Task to carry out: Write out the entries below exactly, but only from the line containing "2 servings a" through the line containing "Peace Out Single", and without the pictures.

Records:

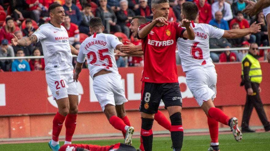 El Sevilla ganó 0-2 en Mallorca con goles de Diego Carlos y Banega (p.) y sigue tercero. El VAR anuló un gol dudoso al Mallorca y señaló el penalti.
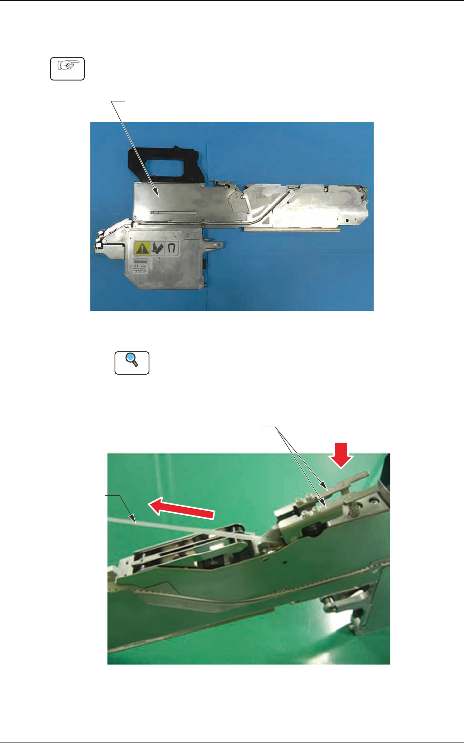 2.3 纸带及压纹带的拆卸步骤 Procedure (1) 从封口盖带收纳部拉出封口盖带。 封口盖带收纳部 Fig.B17 Reference 关于封口盖带的取出请参照 “ 2.4封口盖带的取出 ” 。 (2) 下压封口盖带上卷解除杆,拆卸封口盖带。 封口盖带上卷解除杆 封口盖带 Fig.B18 (3) 用手指轻轻按住抑制器顶端,再按下顶端钩的下部,拾起抑制器。 1209-001 2.3纸带及压纹带的拆卸步骤 …
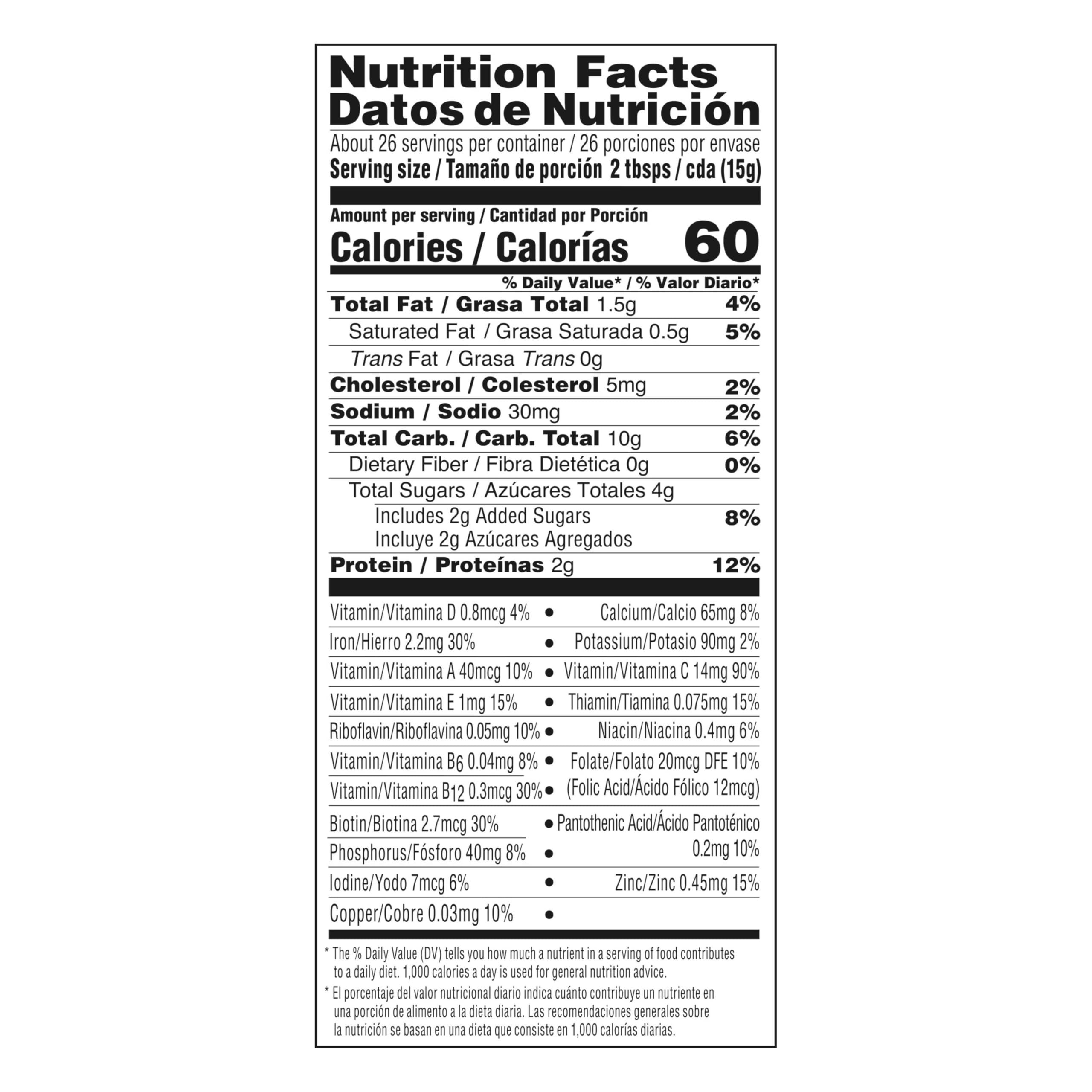 2 servings a day provides 60% daily value iron to help support normal cognitive development
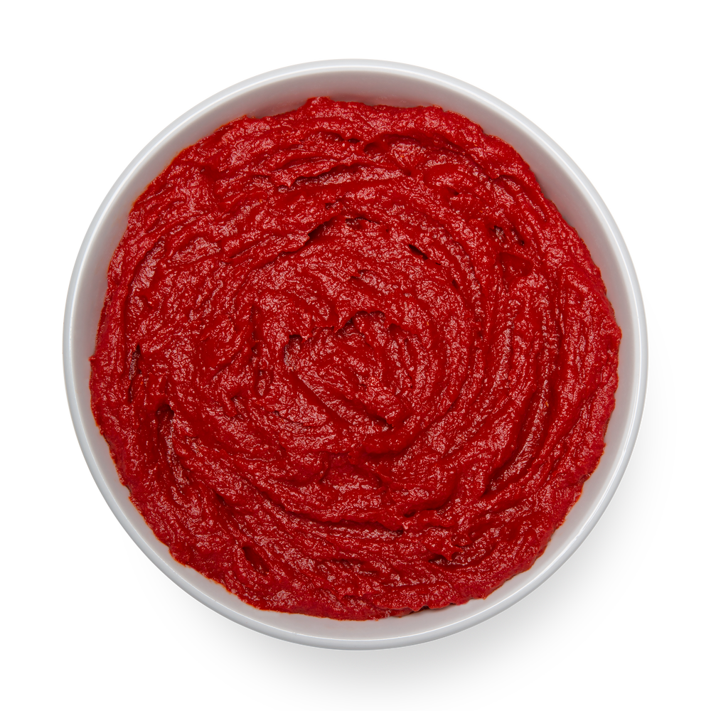 - Tomato paste is concentrated tomatoes with the seeds and skin removed. This delicious tomato paste has a fine finish and a smooth texture. It has the uniform bright red color that is typical of well-ripened tomatoes.
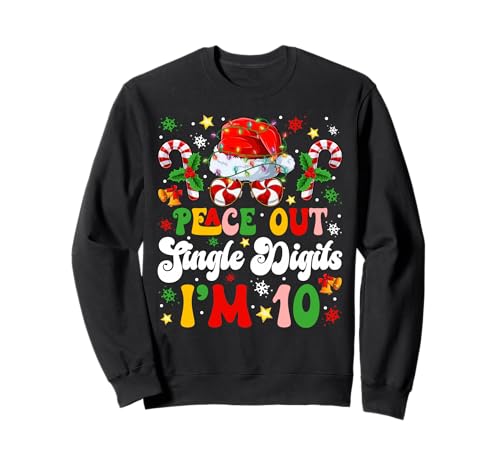 Peace Out Single Digits Im 10 Years Old Merry Christmas Kids Sweatshirt
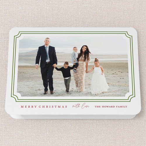 Share your favorite family moment with this classic holiday card. The design features a timeless border with elegant white accents framing your photo for a truly special touch. This one photo Christmas card lets your memories shine, making it perfect for sharing a cherished memory with friends and family. Customize the background color with a classic blue, crisp white, or use click the color wheel icon to pick a shade that matches your photo and style. Personalize your greeting and add your family name for an extra thoughtful detail. Sized at 5x7, it’s just right for mailing or displaying.

Worked solution:
 2 servings a day provides 60% daily value iron to help support normal cognitive development
 - Tomato paste is concentrated tomatoes with the seeds and skin removed. This delicious tomato paste has a fine finish and a smooth texture. It has the uniform bright red color that is typical of well-ripened tomatoes.
 Peace Out Single Digits Im 10 Years Old Merry Christmas Kids Sweatshirt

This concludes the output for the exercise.